Task item:
Retype the records below from their first line through the line holding "Ölkühler Filter Gehäuse", including both ends and no pictures.

The records:
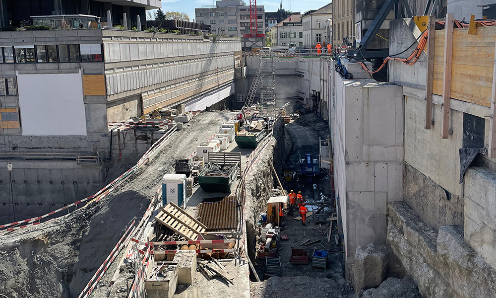 Deformationsmessungen an Baugruben, Hilfsbrücken, Gebäuden und Gleisanlagen
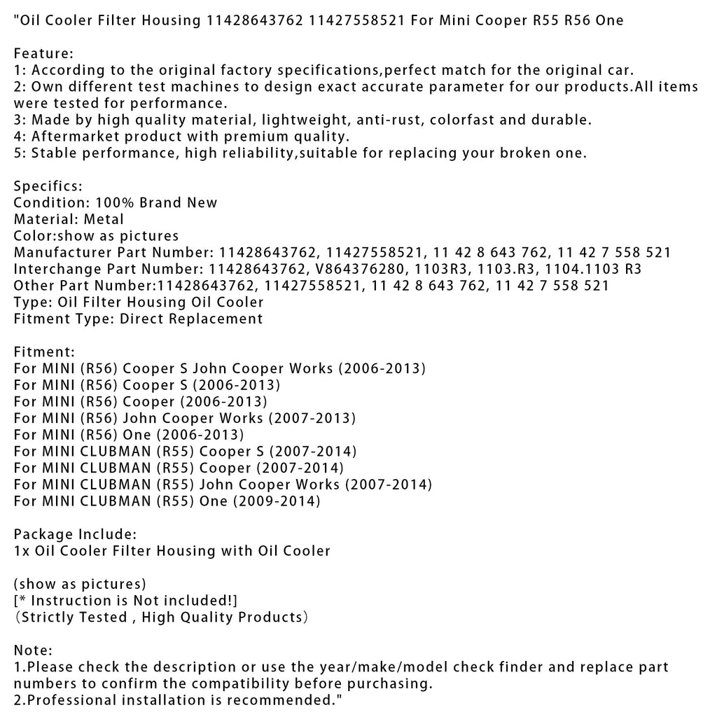 Ölkühler Filter Gehäuse 11428643762 11427558521 Für Mini Cooper R55 R56 Eine
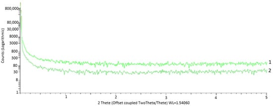 Absence of narrow (angular width 2θ < 2°) diffraction peaks from the crystalline phase is indicative of a disordered—close to amorphous—state of the frame fibers. This is quite understandable, since the structure of the initial PCS fibers is completely amorphous (Figure 2 and Figure 3) and the maximum temperature for obtaining the organomorphic SiC framework (1250 °C) does not reach even half of the incongruent decomposition temperature of silicon carbide []. However, the first—less wide—maximum corresponds to the strongest line (111) of β-SiC (reference code 98-002-8389), since this modification is formed during annealing of silicon carbide in a nitrogen atmosphere []. The second wide peak is apparently a superposition of other two strong lines, namely, (022) and (113).
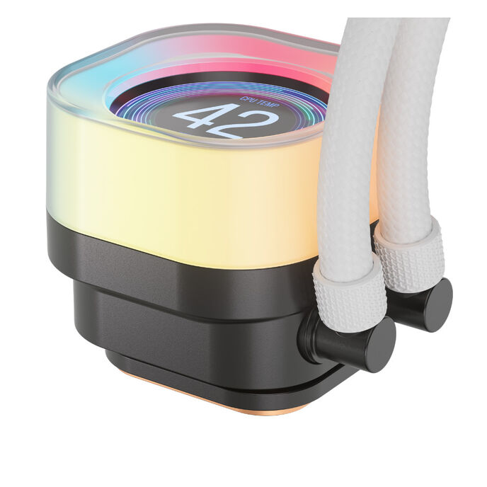 Dank der fortschrittlichen Technik sorgt die Titan 360 RX für eine effiziente Wärmeableitung, die auch bei höchsten Belastungen optimale Temperaturen garantiert. Die integrierte LCD-Anzeige ermöglicht es Ihnen, die Kühlmitteltemperatur jederzeit im Blick zu behalten, während sie gleichzeitig Licht- und Animationseffekte bietet, die Ihr System zum Strahlen bringen.
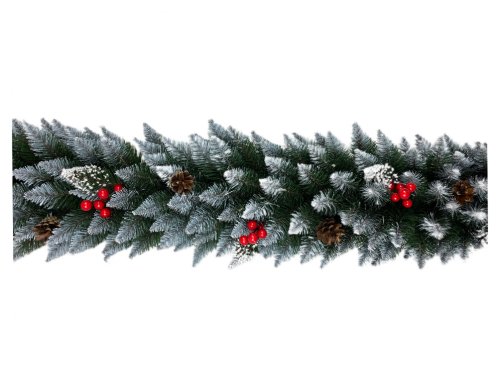 Girlanda z umělého jehličí. Konce větviček jsou bíle obarveny, pro získání efektu zasněžení Je dozdobena šiškami v přírodní barvě a červenými bobulkami. Vhodné pro vánoční sezónu. Rozměry: délka 200 cm. Barva: zelená, bílá.
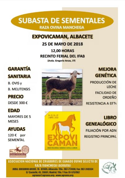 La Asociación Nacional de Criadores de Ganado Ovino Selecto de Raza Manchega (AGRAMA) celebrará una Subasta de Sementales de la raza el próximo viernes 25 de mayo en el marco de la XXXVIII Feria Agrícola y Ganadera de Castilla-La Mancha EXPOVICAMAN, evento que se llevará a cabo del 24 al 27 de mayo en Albacete.

The answer:
 Deformationsmessungen an Baugruben, Hilfsbrücken, Gebäuden und Gleisanlagen
 Ölkühler Filter Gehäuse 11428643762 11427558521 Für Mini Cooper R55 R56 Eine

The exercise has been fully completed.